I’ve been thinking a lot about risk recently…..
The other day a reporter interviewed me for an article, and she asked me how I found the courage to take on such a big risk. She was impressed that we bought a second commercial building and are in the process of growing my shop during a worldwide pandemic. The answer is as simple as it is complicated.
I’m terrified, and I’m doing it anyway.
I’m determined, and therefore I am going to figure it out.
I’m flexible and willing to try (and fail at) lots of things.
I’m not afraid of failure. In fact, if I’m not failing in some capacity, I know I’m not growing enough. Failure is a natural part of growth, and it isn’t something that should be avoided. Failure is necessary for us to learn, adapt, and grow.

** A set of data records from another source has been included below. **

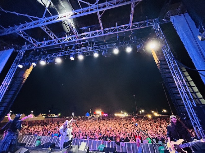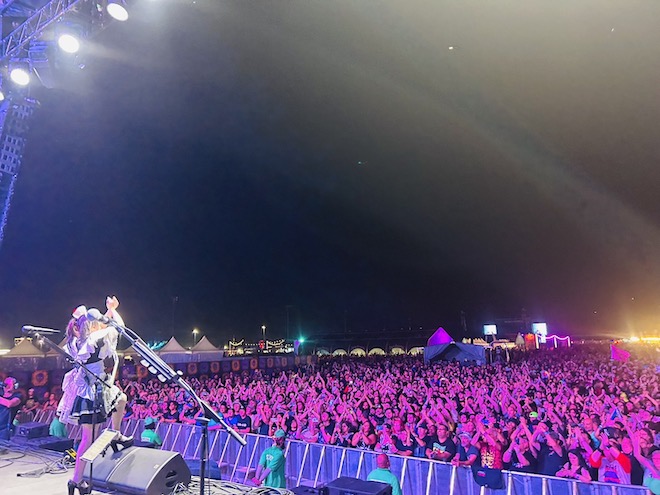 Bad weather proved no match for BAND-MAID, and when they set foot on the Rockvillian Stage it was to the delighted cheers of the fans awaiting them. Like in the Houston and Austin shows, they opened with “DOMINATION”, followed at a rapid tempo by “One and only” and “Blooming” for a charming performance that had every fan straining to get closer. The audience grew larger with every song as festivalgoers were drawn by BAND-MAID’s presence and music, filling the space in front of the stage and spilling out onto the walkways between stages until the whole area was blanketed with BAND-MAID lovers. “endless Story”, performed as the closing number of their last two shows, was #3 in the set list this time, and even in an audience full of first-time music festival participants, a sing-along broke out.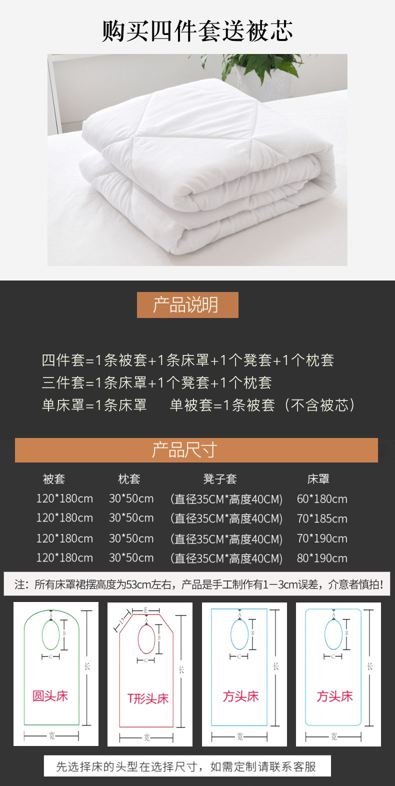 | Размеры простыней/кроватей: | Fangtou 60*180, Fangtou 70*185, Fangtou 70*190, Fangtou 80*190, Круглая голова 60*180, Круглая голова 70*185, Круглая голова 70*190, Трапециевидная головка 60*180, Трапециевидная головка 70*185, Трапециевидная головка 70*190, Для пользовательского размера, пожалуйста, свяжитесь с обслуживанием клиентов в течение 3-5 дней, чтобы отправить (не возврат средств или изменения), Одиночное стеганое одеяло (за исключением ядра) 120*180, Стеганое одеяло (включая стеганое одеяло) 120*180 |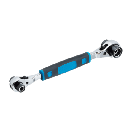Esta llave de tubo tiene un cabezal ajustable de forma que se puede adaptar en diferentes tamaños: 8, 10, 12, 13, 14, 17, 19, 21 mm. Son, por lo tanto, 8 llaves en una. Se puede manejar muy cómodamente con una sola mano y las diferentes medidas se adaptan sin tener que cambiar los cabezales, por lo que ocupa muy poco espacio en la caja o bolsa de herramientas del coche. Puedes conseguirla por 9,99 euros.

I decided a long time ago that I would determine my own standard for success. I realized that I didn’t want to base my life on what everyone else around me is doing/chasing/valuing. It sounds cliché, but I knew I needed to make my own path. My husband’s career is challenging and unpredictable, and it makes establishing a routine impossible. I recognized that my life was never going to look like my friends’ lives or resemble the life I had imagined for myself. So I decided (or more accurately, was forced to accepted the idea for the sake of our marriage and my own sanity) to be flexible and open to taking risks.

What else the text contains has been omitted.